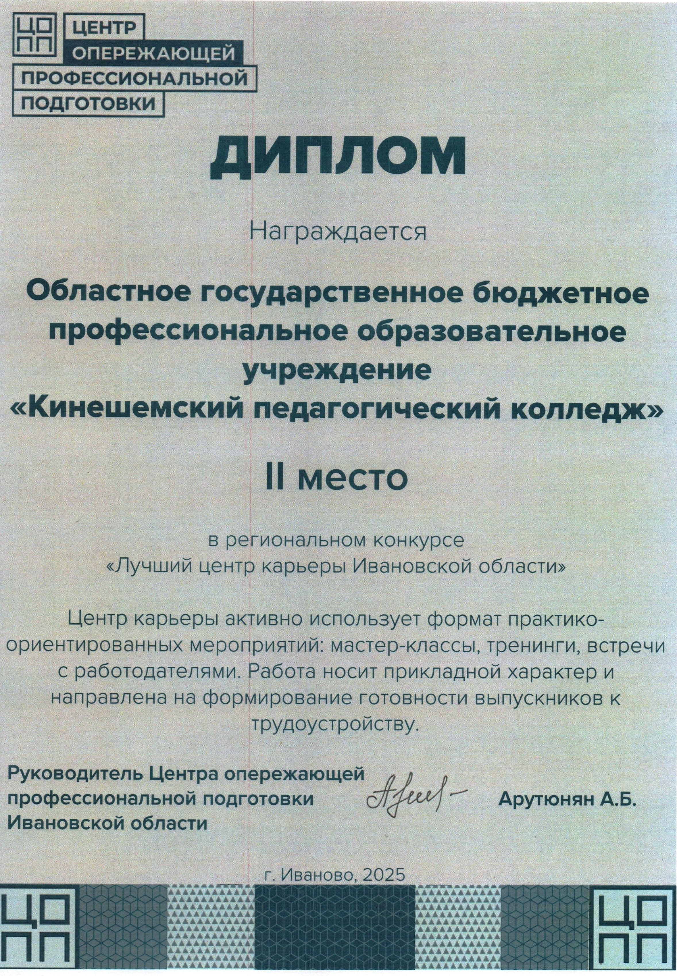 В Центре опережающей профессиональной подготовки подведены итоги регионального конкурса «Лучший центр карьеры Ивановской области». Центр карьеры Кинешемского педагогического колледжа, руководитель заместитель директората по учебно — производственной работе Л.В. Афанасьева, занял в конкурсе 2 место. Центр карьеры колледжа ведёт большую работу по трудоустройству выпускников колледжа. При подведении итогов отмечена практико – ориентированная и прикладная направленность работы Центра по формированию готовности выпускников к трудоустройству по выбранной профессии.
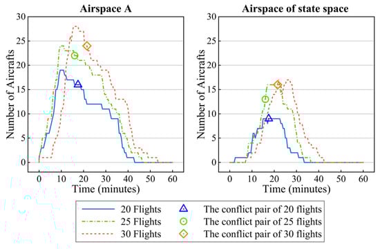 We found that the conflict resolution rate of the testing set decreased as the airspace density increased. The underlying reason is that the airspace structure and traffic flow density determine the size of the available solution space. In practice, to ensure flight safety, airspace density is usually restricted by holding aircraft or controlling traffic flow.
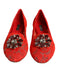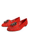 Dolce & Gabbana Red Lace Crystal Ballet Flats Loafers Shoes
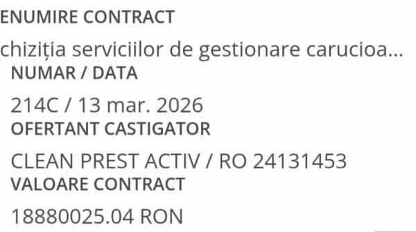 Afacerea e simplă și bănoasă pentru câștigător: „Aeroporturi București” achiziționează „servicii de gestionare a cărucioarelor de bagaje cu personal manevrant și manipulare și/sau depozitare a încărcăturilor”. Mai clar, SRL-ul trebuie să aibă grijă de cărucioarele de transport bagaje puse la dispoziție de CNAB. Cum? Pentru 18,8 milioane de lei, astfel: prin „manevrare, (colectare/recuperare, repoziționare etc.) și manipulare cu personal manevrant a 1.000 bucăți cărucioare de bagaje puse la dispoziție de beneficiar (proprietatea beneficiarului) destinate transportului obiectelor pasagerilor (bagaje, genți etc.) în perimetrul aeroportuar, respectiv preluarea acestora din parcări, terminale, drumuri acces etc. și depozitarea acestora în locurile special amenajate cu această destinație, aferente terminalelor de pasageri - zone publice, zone restricționate, alte spații (filtre, ghișee, parcări, drumuri, trotuare/peroane etc.) aparținând CNAB S.A”.
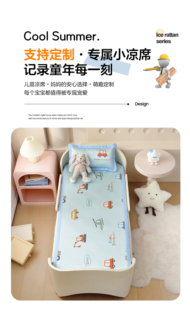 御棉坊 2025新款A类600D数码印花儿童凉席 汽车乐园
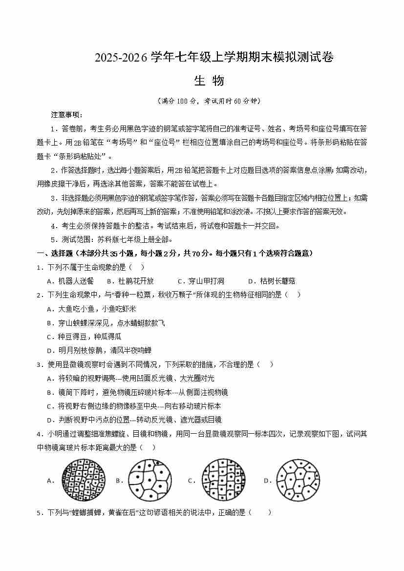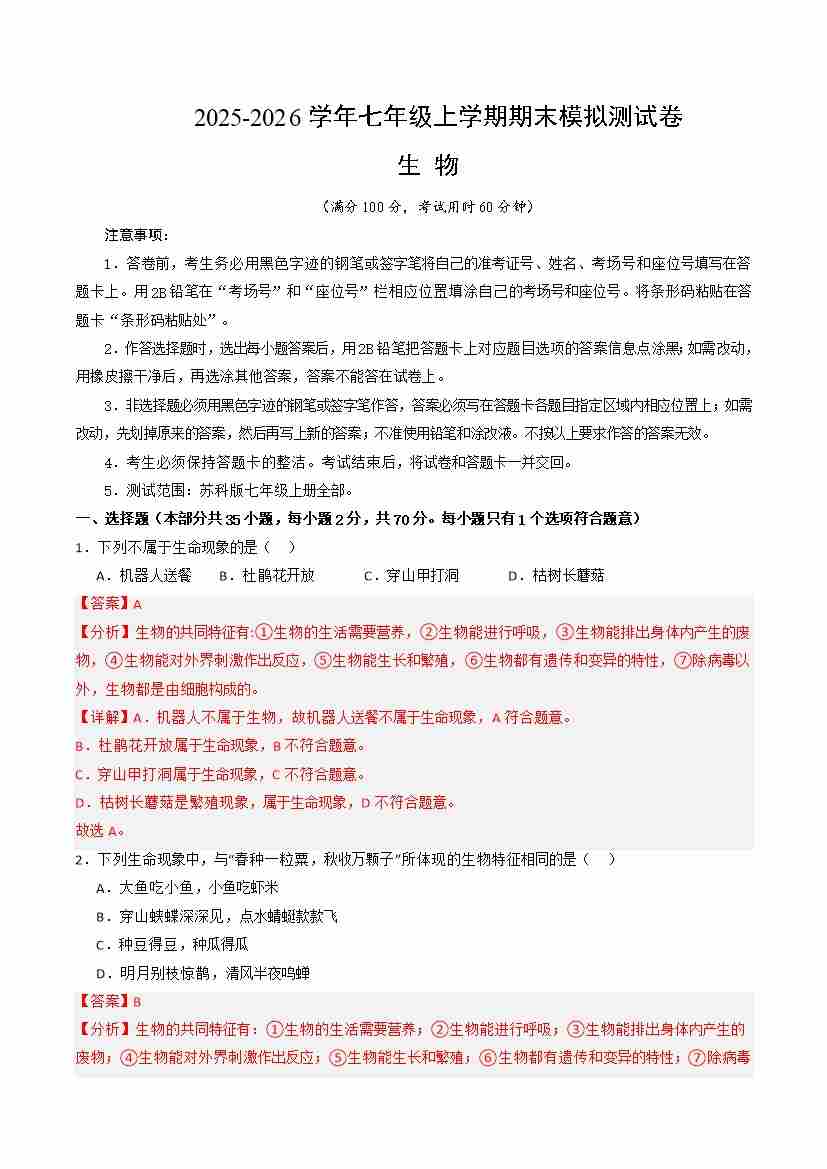 【苏科】7上生物期末卷【七上全册】
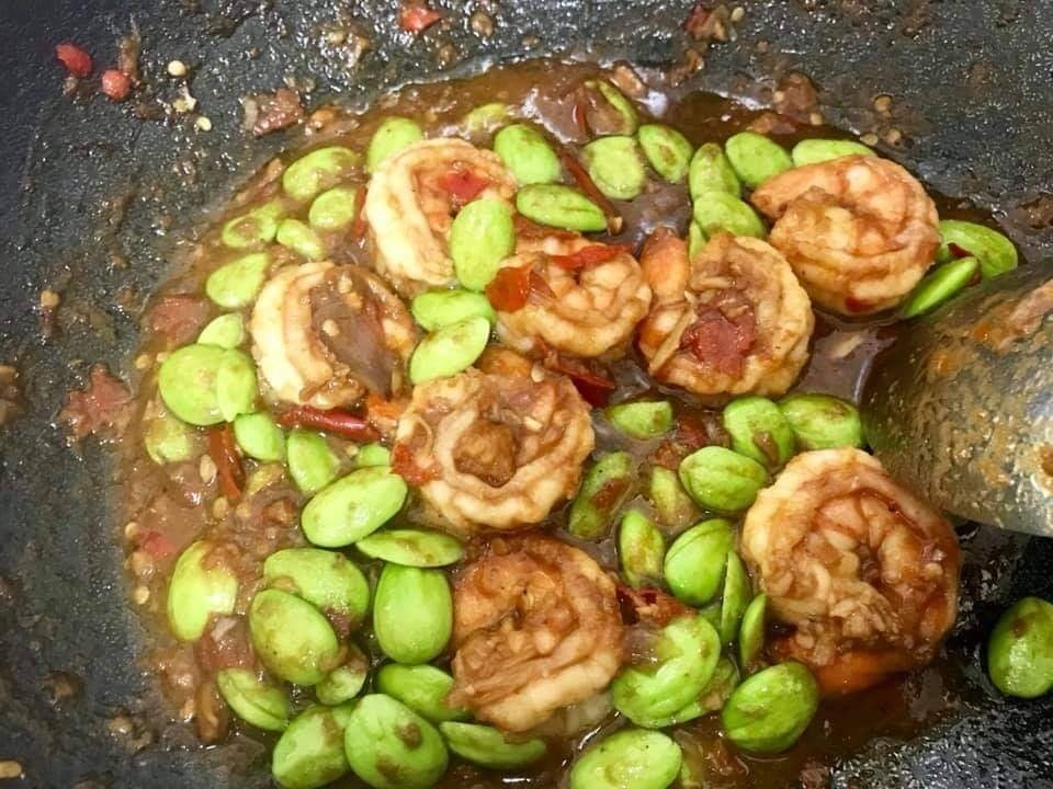 4.ใส่สะตอแกะผ่าครึ่ง ผัดจนสุก จากนั้นปรุงรสด้วยน้ำปลา และมะนาวค่ะ ผัดต่อให้เข้ากันดี
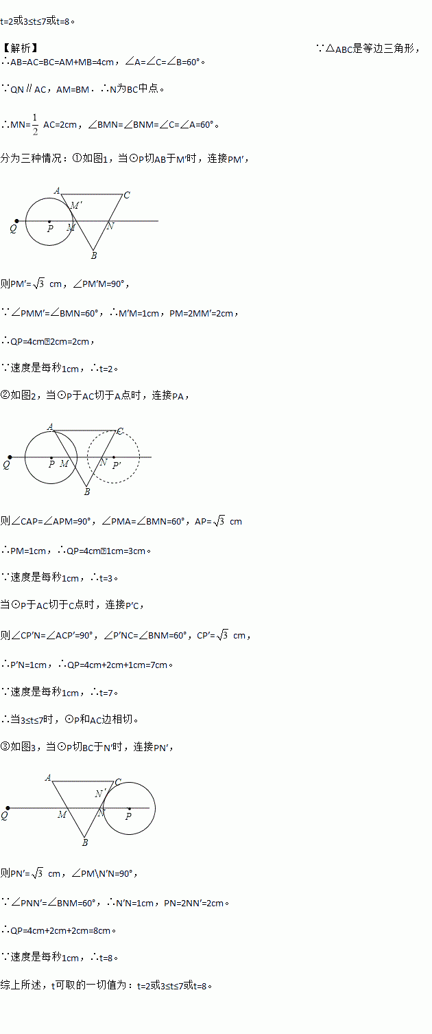 射线QN与等边△ABC的两边AB,BC分别交于点M,N,且AC∥QN,AM=MB=2cm,QM=4cm.动点P从点Q出发,沿射线QN以每秒1cm的速度向右移动,经过t秒,以点P为圆心,
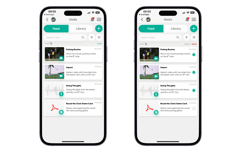 To further enhance the media features on GLF, we've introduced a new multi-delete option on the Media Feed, available to coach users. This functionality makes it easier to manage media stored on the feed and helps reduce the impact on a users phone storage.
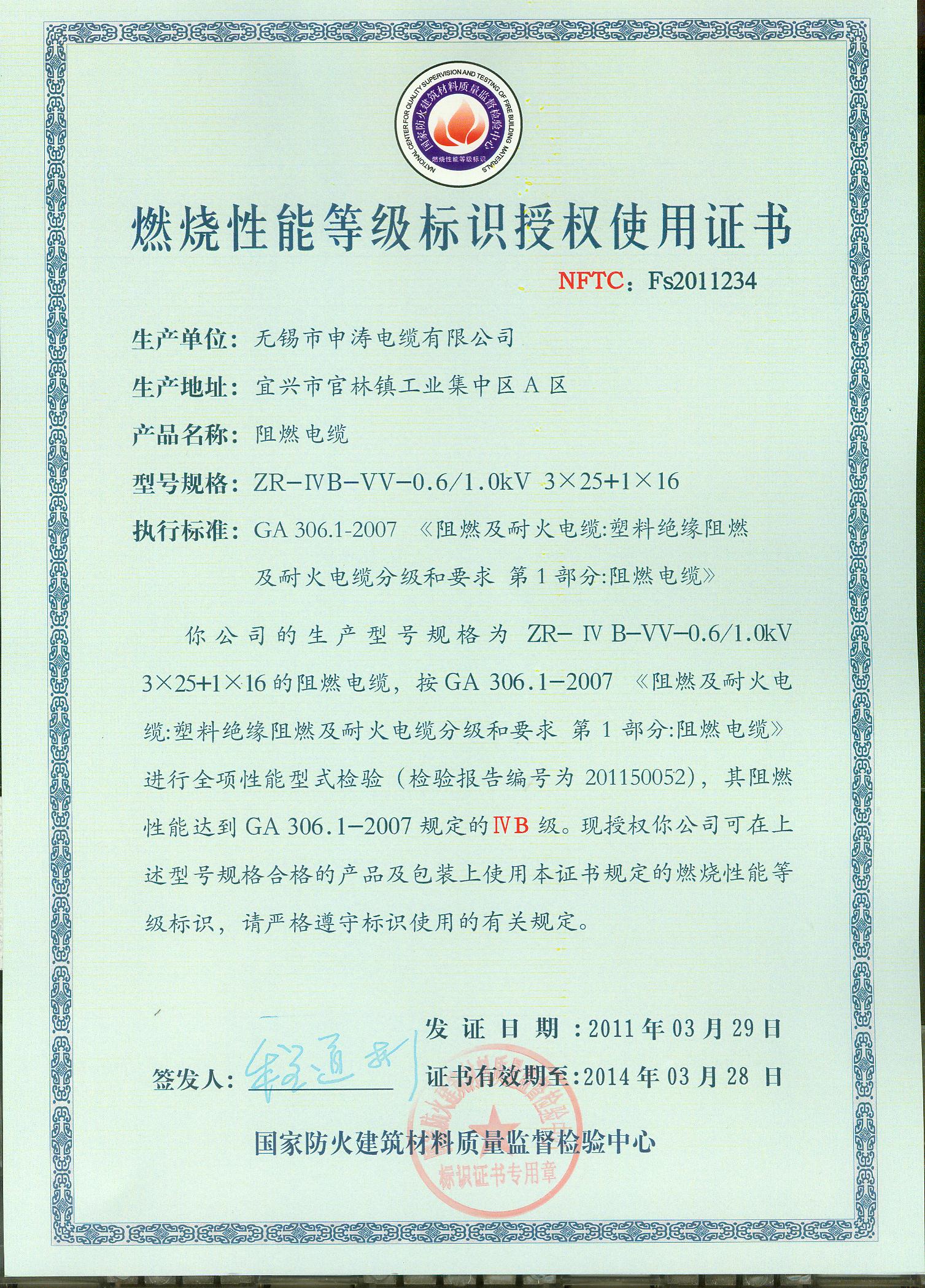 经检验,该ZR-ⅣB-VV-0.6/1.0kV 3×25+1×16阻燃电缆阻燃性能符合ⅣB级规定要求,其它各项技术指标均合格。按GA 306.1-2007综合判定,该产品质量合格。(以下空白)
++++++++
THE PROBLEM
Quote, exactly and only, the lines from the first line of the data above through the line containing "射线QN与等边△ABC的两边". The pictures do not belong in it.

COMPLETED EXERCISE
 В Центре опережающей профессиональной подготовки подведены итоги регионального конкурса «Лучший центр карьеры Ивановской области». Центр карьеры Кинешемского педагогического колледжа, руководитель заместитель директората по учебно — производственной работе Л.В. Афанасьева, занял в конкурсе 2 место. Центр карьеры колледжа ведёт большую работу по трудоустройству выпускников колледжа. При подведении итогов отмечена практико – ориентированная и прикладная направленность работы Центра по формированию готовности выпускников к трудоустройству по выбранной профессии.
 We found that the conflict resolution rate of the testing set decreased as the airspace density increased. The underlying reason is that the airspace structure and traffic flow density determine the size of the available solution space. In practice, to ensure flight safety, airspace density is usually restricted by holding aircraft or controlling traffic flow.
 Dolce & Gabbana Red Lace Crystal Ballet Flats Loafers Shoes
 Afacerea e simplă și bănoasă pentru câștigător: „Aeroporturi București” achiziționează „servicii de gestionare a cărucioarelor de bagaje cu personal manevrant și manipulare și/sau depozitare a încărcăturilor”. Mai clar, SRL-ul trebuie să aibă grijă de cărucioarele de transport bagaje puse la dispoziție de CNAB. Cum? Pentru 18,8 milioane de lei, astfel: prin „manevrare, (colectare/recuperare, repoziționare etc.) și manipulare cu personal manevrant a 1.000 bucăți cărucioare de bagaje puse la dispoziție de beneficiar (proprietatea beneficiarului) destinate transportului obiectelor pasagerilor (bagaje, genți etc.) în perimetrul aeroportuar, respectiv preluarea acestora din parcări, terminale, drumuri acces etc. și depozitarea acestora în locurile special amenajate cu această destinație, aferente terminalelor de pasageri - zone publice, zone restricționate, alte spații (filtre, ghișee, parcări, drumuri, trotuare/peroane etc.) aparținând CNAB S.A”.
 御棉坊 2025新款A类600D数码印花儿童凉席 汽车乐园
 【苏科】7上生物期末卷【七上全册】
 4.ใส่สะตอแกะผ่าครึ่ง ผัดจนสุก จากนั้นปรุงรสด้วยน้ำปลา และมะนาวค่ะ ผัดต่อให้เข้ากันดี
 射线QN与等边△ABC的两边AB,BC分别交于点M,N,且AC∥QN,AM=MB=2cm,QM=4cm.动点P从点Q出发,沿射线QN以每秒1cm的速度向右移动,经过t秒,以点P为圆心,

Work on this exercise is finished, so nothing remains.